AVAILABLE DATA —
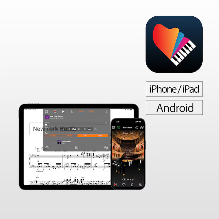 Yamaha Smart Pianist on sovellus, joka tekee pianon ohjaamisesta ja opiskelusta helppoa. Sen avulla voit säätää ääniä ja toimintoja suoraan älylaitteeltasi, sekä näyttää nuotteja ja opettaa kappaleita interaktiivisesti.
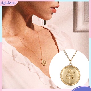 Dây chuyền mặt tròn hình hoa hồng phong cách vintage
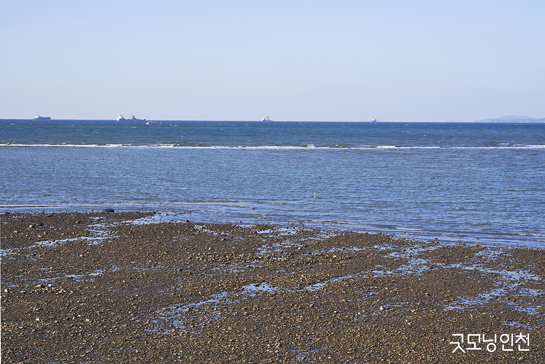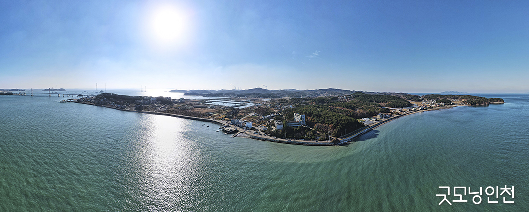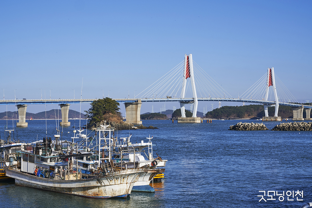 바다 물결이 일렁이고 멀리 영흥대교가 아득하게 걸려 있다.

PROBLEM DESCRIPTION — Only the lines from the one with "Dây chuyền mặt" through the last line above belong in the answer. Reproduce them exactly, without the pictures.

RESPONSE TO THE TASK —
 Dây chuyền mặt tròn hình hoa hồng phong cách vintage
 바다 물결이 일렁이고 멀리 영흥대교가 아득하게 걸려 있다.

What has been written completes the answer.